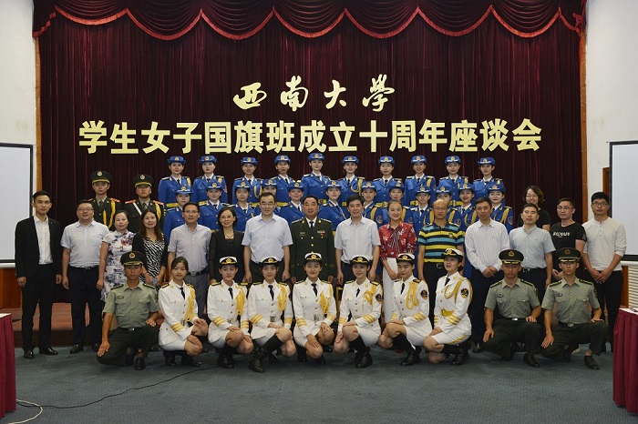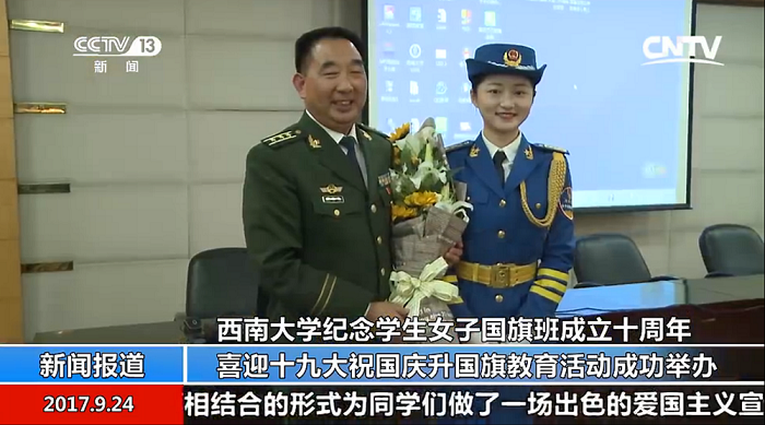 西南大学学生女子国旗班团支部是由校党委直接领导,以“爱国主义教育”为主要内容,以“团结、进取、奉献、爱国”为班级精神,以“增强广大学生爱国意识、爱国情感”为主要任务,以“升旗、降旗、爱旗、护旗”为主要责任的荣誉班集体,更由此延伸和扩容为一个从形式到内容都对学生以及周边群众具有强烈吸引力和深刻教育作用、受益广、可以长期活动且效果显著的学生爱国主义教育项目。
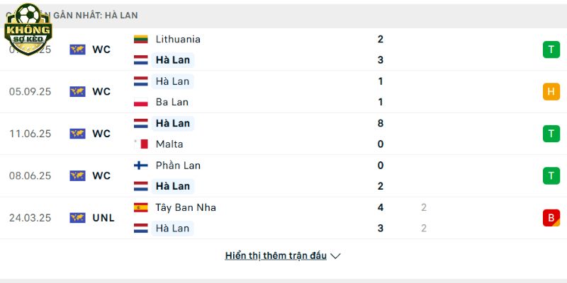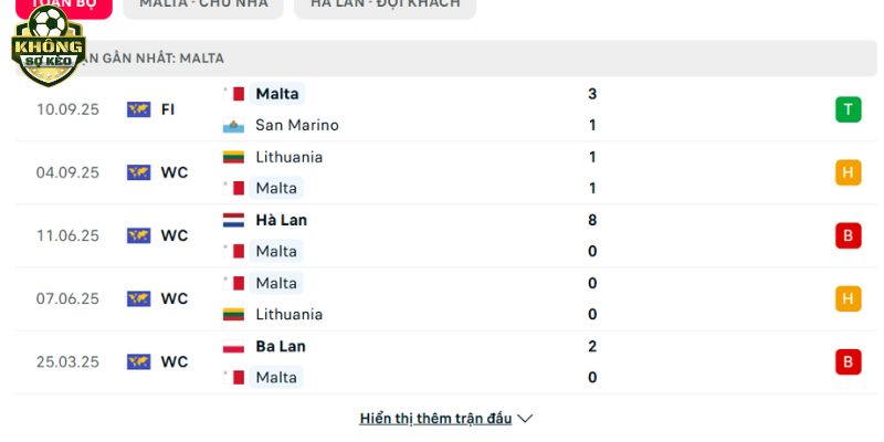 Hà Lan có thành tích đối đầu tuyệt đối, với trung bình 5 bàn thắng mỗi trận, tạo ra sự khác biệt lớn về tâm lý và đẳng cấp. Malta đã thua tất cả 6 lần đối đầu trước Hà Lan trong lịch sử. Lần chạm trán gần nhất hồi đầu năm nay, Hà Lan đã hủy diệt Malta với tỷ số 8-0. Thống kê này cho thấy sự chênh lệch đẳng cấp quá lớn.
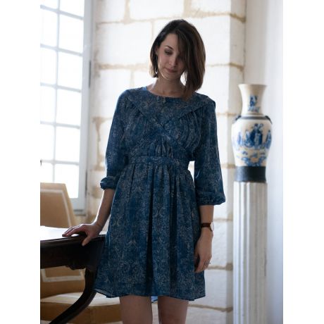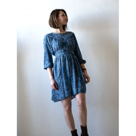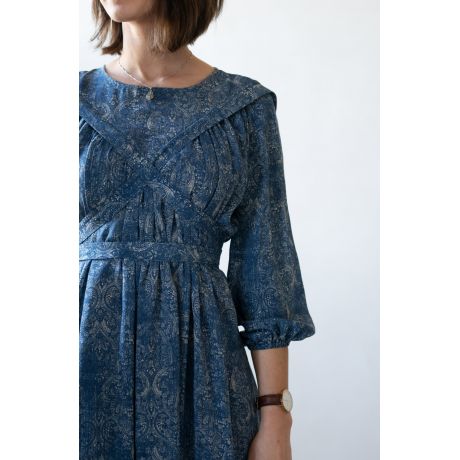 Le patron Anya de Ancea Paris c’est une robe drapée, à l’allure d’une robe du 18ème siècle. Sa différence est son confort et son ajustabilité. En effet elle ne possède ni fermeture éclaire ni corset. Elle se drape à l’aide de ses ceintures qui se nouent à la taille, permettant un ajustement parfait et modulable. De plus sa confection est facilité par cette technique de montage. Elle se caractérise par un empiècement triangle, ré-haussé par une ceinture croisée à la poitrine et ceinturée à la taille; du plissé pour mettre en avant la poitrine et apporter du volume à la jupe. Ses manches bouffantes 3/4 resserrées au poignet par un élastique sur l’ourlet de manche finissent de donner le ton à cette robe. Le dos se compose d’un empiècement arrondi prolongé d’une jupe froncée.
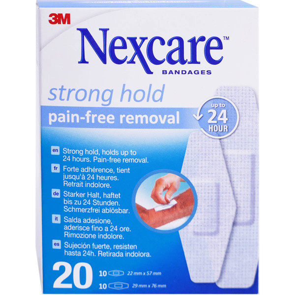 NEXCARE Strong Hold Assortis de 3M est spécialement conçu pour protéger les plaies légères grâce à sa composition hypoallergénique à base de silicone respirant respectueuse des peaux sensibles et sa compresse anti-adhérente qui permet un retrait indolore et tout en douceur ! Le pansement à forte adhérence reste bien en place pendant 24 heures sans irriter la peau délicate et sensible. Fabriqué sans latex naturel
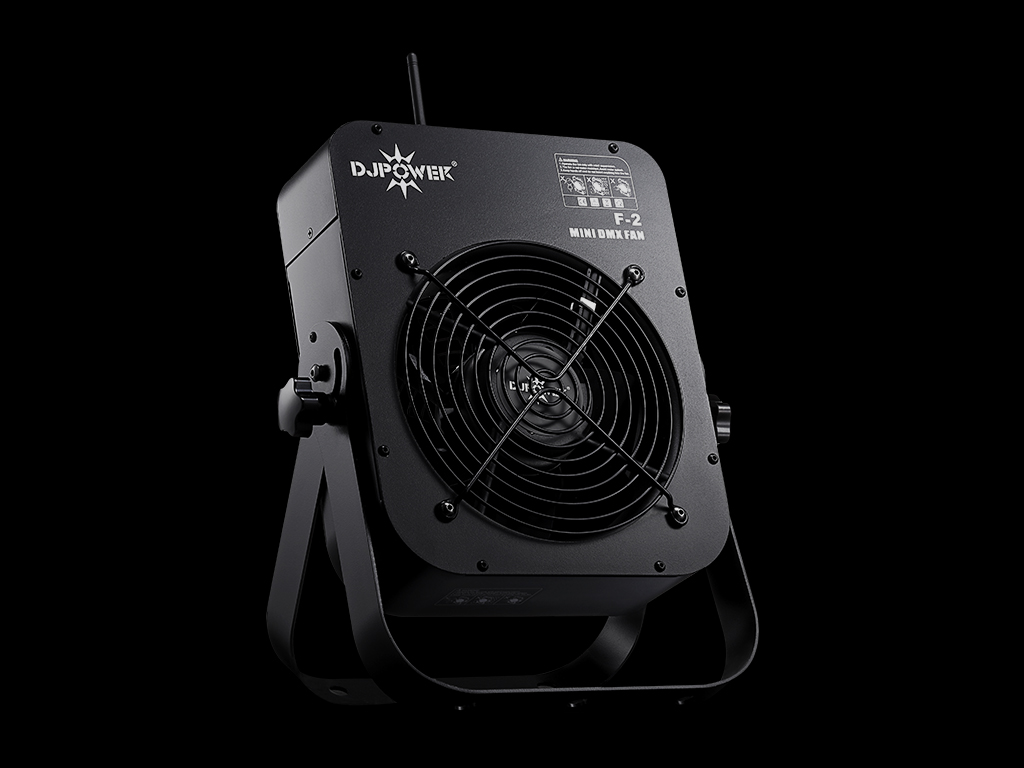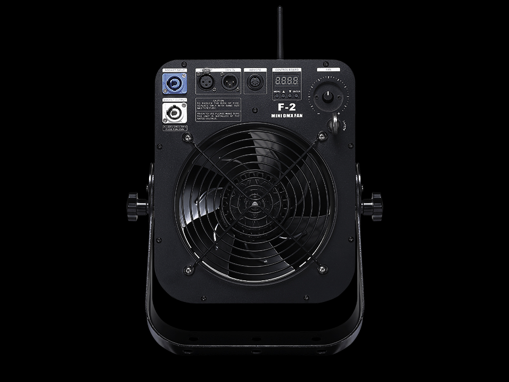 F-2 is a mini but all-purpose stage fanfeatures 4 control options, wired control, low power consumption, adjustableblowing directions, durable metal housing and compact size. In addition to thebuilt-in DMX control and the manual knob, wire and wireless controllers areoptional to cope with diverse needs. External antenna provides high-sensitivityremote control.

........

◆ Work order
In the records above, find the line containing "NEXCARE Strong Hold", then please restate it and each line after it word for word, pictures excluded.

◆ Result for this task
 NEXCARE Strong Hold Assortis de 3M est spécialement conçu pour protéger les plaies légères grâce à sa composition hypoallergénique à base de silicone respirant respectueuse des peaux sensibles et sa compresse anti-adhérente qui permet un retrait indolore et tout en douceur ! Le pansement à forte adhérence reste bien en place pendant 24 heures sans irriter la peau délicate et sensible. Fabriqué sans latex naturel
 F-2 is a mini but all-purpose stage fanfeatures 4 control options, wired control, low power consumption, adjustableblowing directions, durable metal housing and compact size. In addition to thebuilt-in DMX control and the manual knob, wire and wireless controllers areoptional to cope with diverse needs. External antenna provides high-sensitivityremote control.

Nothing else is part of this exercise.